A presurgical optimization clinic for high-risk patients seeking elective hernia surgery was safe and improved patient outcomes, researchers found in a quality improvement study.
In an analysis involving 165 patients enrolled in the perioperative optimization program for a year, 9.1% were optimized for surgery after the program, only 3.0% required emergent surgery due to hernia incarceration, and 13.8% of the smokers in the group were able to stop smoking, reported Dana Telem, MD, MPH, of the University of Michigan in Ann Arbor, and colleagues.
"Some may see a 9.1% crossover rate from nonoperative to operative status as dismal results," the authors wrote in . "However, this clinic was designed to capture nonoperative candidates, because of the presence of relative contraindications that could undergo mitigation."
Surgical yield in the standard hernia clinic also increased by 19%, according to the study.
"These findings suggest that this model represents a scalable and sustainable framework for preoperative optimization with the potential to improve the care of patients with hernias," wrote Telem and co-authors.
Over 350,000 ventral and incisional hernia repairs are performed annually, but these procedures are associated with a high risk for postoperative complications, the researchers noted. The perioperative timeframe may provide an opportunity to encourage patients to change certain behaviors.
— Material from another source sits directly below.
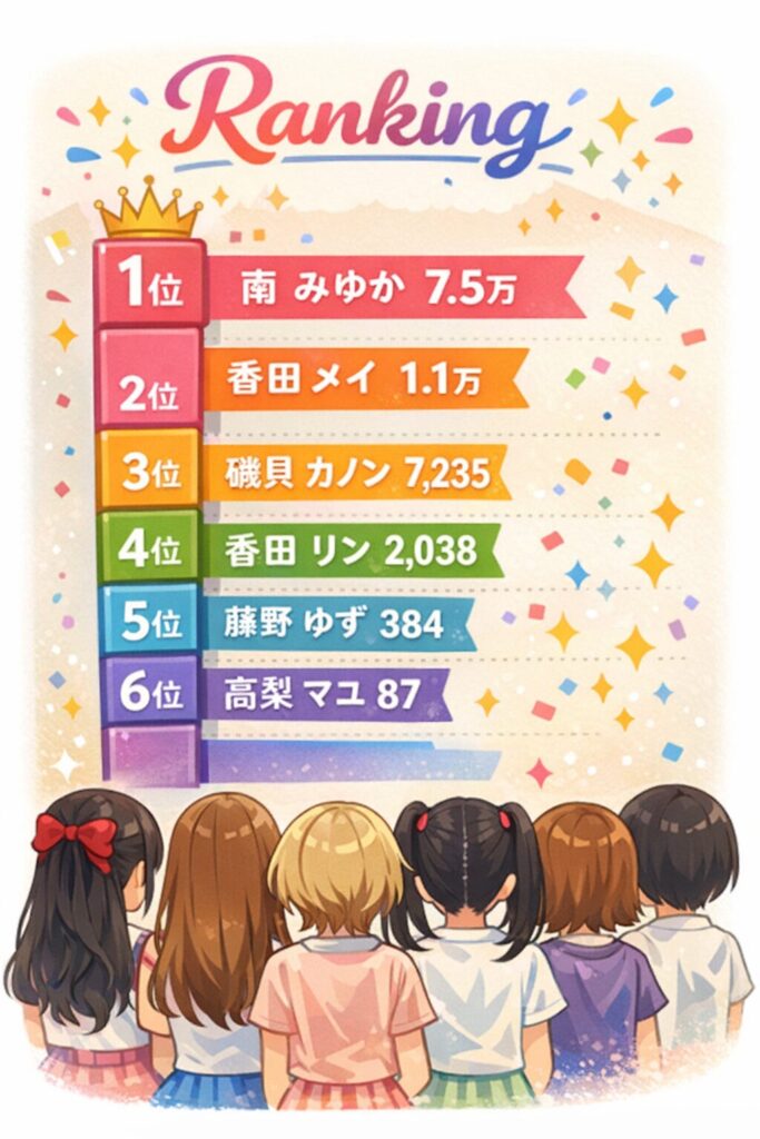 現時点ではSNSの数字が人気の指標になっていますが、ライブ活動が本格化すれば、パフォーマンス力のあるメンバー(香田リンさんや磯貝花音さん)や、愛されキャラの高梨まゆさんなどが一気に順位を上げる可能性も十分にあります。

Nearly 25% of patients undergoing elective abdominal hernia repairs are "not optimized with respect to weight or substance use," the group noted. "Simply denying operative management for high-risk patients, while avoiding the risks associated with surgery, is associated with poor quality of life."
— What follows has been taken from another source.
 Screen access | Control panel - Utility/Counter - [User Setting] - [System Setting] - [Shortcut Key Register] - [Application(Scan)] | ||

Telem and colleagues retrospectively evaluated data on 165 high-risk patients seeking elective hernia surgery enrolled in a presurgical hernia "low-cost optimization clinic" at the University of Michigan in 2019.
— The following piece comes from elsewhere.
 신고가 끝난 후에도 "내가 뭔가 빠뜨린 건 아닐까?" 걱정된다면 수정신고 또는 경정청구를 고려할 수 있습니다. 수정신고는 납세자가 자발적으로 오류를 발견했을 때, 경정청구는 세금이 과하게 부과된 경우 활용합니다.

Active smokers, those with a BMI of 40 or greater, or age 75 or older were considered high risk. Patients who screened positive for any of these risk factors had the option of a 30-minute appointment in the optimization clinic instead of with the surgeon. At the clinic, the clinician and patient agreed to an "individualized optimization goal."
Follow-up occurred via in-person appointments and phone calls every 6 to 8 weeks. If a patient met their predefined health goals, such as quitting smoking or losing weight, they were referred back to a surgeon.
The authors noted that patients had no minimum or limit on the number of visits to the optimization clinic during this pilot period.
Primary outcome assessed surgical eligibility and safety after clinic participation. The secondary outcome assessed program costs.
Of the 165 patients evaluated, most were white (88%) and over half women (55%), with a mean age of 59 and average BMI of about 38. BMI was the most common reason for referral (37%), followed by smoking (26%) and age (24%). Median range of follow-up was 197 days. Nearly 70% (n=115) had ventral or incisional hernia repairs, and 27% had umbilical hernias.
Overall, 15 patients in the optimization clinic met their goals and became eligible for surgery, 12 of which qualified by achieving their health goals. Eight active smokers had a negative cotinine test, and three patients achieved eligibility through weight loss. Three patients ages 75 and up were eligible for surgery following an evaluation of their functional status.
"It is important to note that this program was able to leverage interactions in the preoperative period to provide an intervention to a patient population that may not have taken steps otherwise," they wrote.
Cost-wise, the program required an investment of $41,536, but saw a 58% increase in hernia-attributed "relative value units" versus 2019, and "without altering surgeon workflow," the authors noted.
The analysis had several limitations, including the small cohort. The wide variety of hernia types may limit generalizability about risk of delayed surgery for patients with straightforward, small hernias, as well as for those with complex ventral hernias, the group acknowledged.
Disclosures
This study was supported by the Agency for Healthcare Research and Quality.
Telem disclosed ties to Medtronic. Coauthors reported grant support and other relationships with Blue Cross and Blue Shield of Michigan, Blue Cross Blue Shield of Michigan Foundation, the National Institute of Diabetes and Digestive and Kidney Diseases, the Michigan Department of Health and Human Services, the National Institute on Drug Abuse, and the NIH. One co-author is a shareholder for ArborMetrix.
Primary Source
JAMA Network Open
Delaney LD, et al "Outcomes of a presurgical optimization program for elective hernia repairs among high-risk patients" JAMA Netw Open 2021; DOI: 10.1001/jamanetworkopen.2021.30016.